DIRECTIONS FOR THIS TASK
Every entry is to be copied exactly as written, and the pictures are to be skipped.

START INPUT DATA

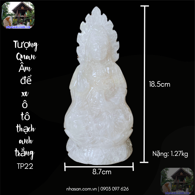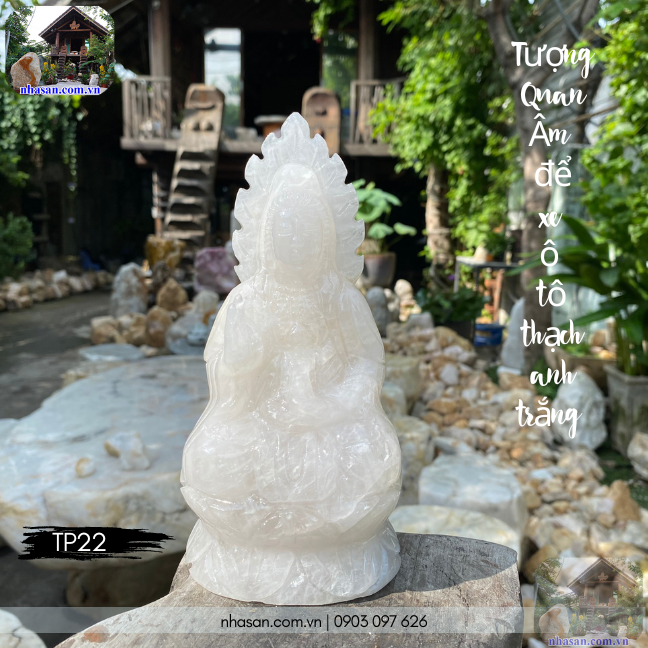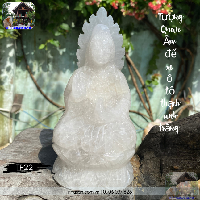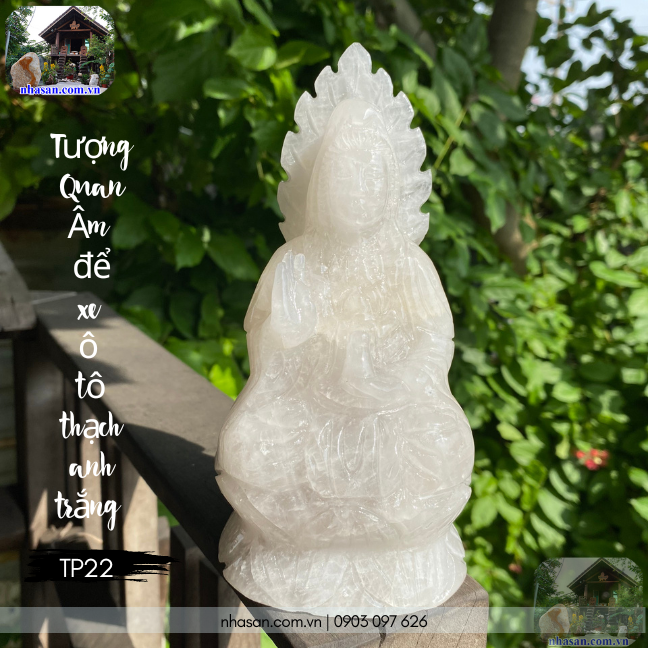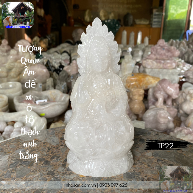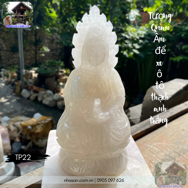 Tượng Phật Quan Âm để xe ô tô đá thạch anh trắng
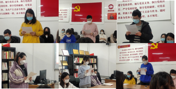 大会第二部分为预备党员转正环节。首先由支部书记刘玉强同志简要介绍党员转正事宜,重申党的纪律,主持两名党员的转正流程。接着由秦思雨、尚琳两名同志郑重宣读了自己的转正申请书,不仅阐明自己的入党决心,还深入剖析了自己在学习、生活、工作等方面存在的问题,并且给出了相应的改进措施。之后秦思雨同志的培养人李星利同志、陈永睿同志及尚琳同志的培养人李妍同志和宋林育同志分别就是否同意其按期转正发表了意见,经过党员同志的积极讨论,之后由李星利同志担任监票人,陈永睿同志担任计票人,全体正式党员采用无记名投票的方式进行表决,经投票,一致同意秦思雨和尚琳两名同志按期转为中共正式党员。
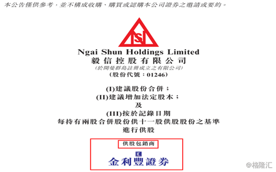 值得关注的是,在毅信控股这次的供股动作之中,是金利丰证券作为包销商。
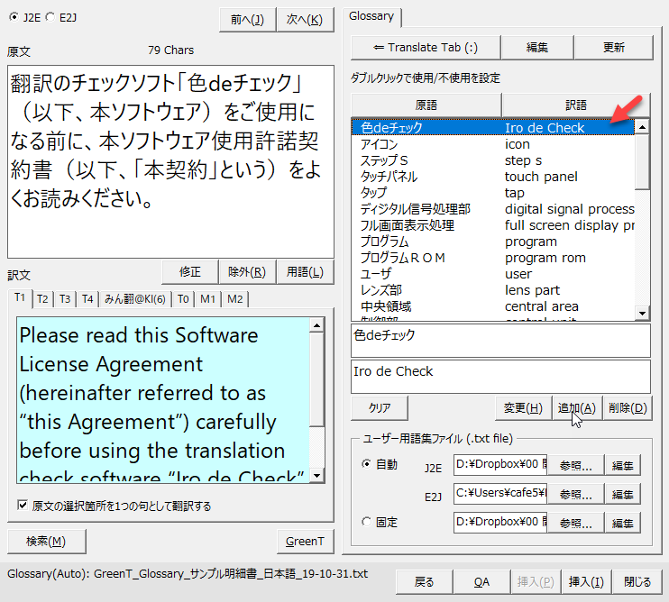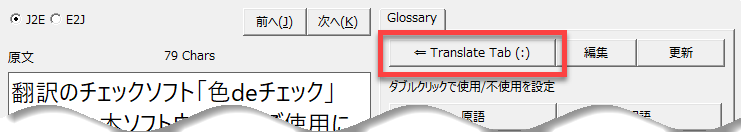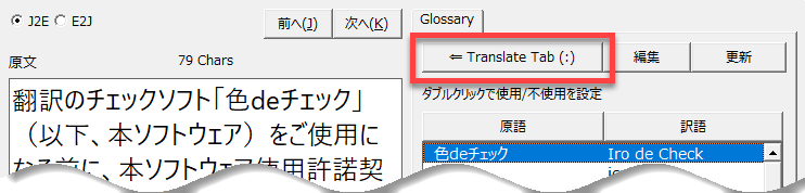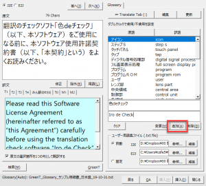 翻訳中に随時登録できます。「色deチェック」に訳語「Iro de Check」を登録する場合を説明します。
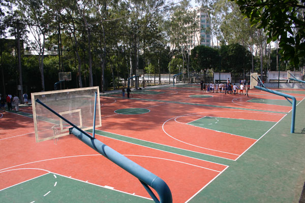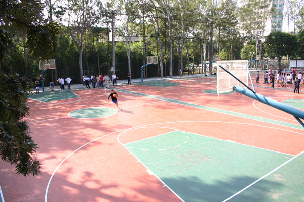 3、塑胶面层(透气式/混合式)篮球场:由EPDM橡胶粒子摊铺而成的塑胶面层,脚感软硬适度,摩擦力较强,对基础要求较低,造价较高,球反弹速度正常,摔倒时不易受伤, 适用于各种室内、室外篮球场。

END INPUT DATA

RESPONSE TO THIS TASK
 Tượng Phật Quan Âm để xe ô tô đá thạch anh trắng
 大会第二部分为预备党员转正环节。首先由支部书记刘玉强同志简要介绍党员转正事宜,重申党的纪律,主持两名党员的转正流程。接着由秦思雨、尚琳两名同志郑重宣读了自己的转正申请书,不仅阐明自己的入党决心,还深入剖析了自己在学习、生活、工作等方面存在的问题,并且给出了相应的改进措施。之后秦思雨同志的培养人李星利同志、陈永睿同志及尚琳同志的培养人李妍同志和宋林育同志分别就是否同意其按期转正发表了意见,经过党员同志的积极讨论,之后由李星利同志担任监票人,陈永睿同志担任计票人,全体正式党员采用无记名投票的方式进行表决,经投票,一致同意秦思雨和尚琳两名同志按期转为中共正式党员。
 值得关注的是,在毅信控股这次的供股动作之中,是金利丰证券作为包销商。
 翻訳中に随時登録できます。「色deチェック」に訳語「Iro de Check」を登録する場合を説明します。
 3、塑胶面层(透气式/混合式)篮球场:由EPDM橡胶粒子摊铺而成的塑胶面层,脚感软硬适度,摩擦力较强,对基础要求较低,造价较高,球反弹速度正常,摔倒时不易受伤, 适用于各种室内、室外篮球场。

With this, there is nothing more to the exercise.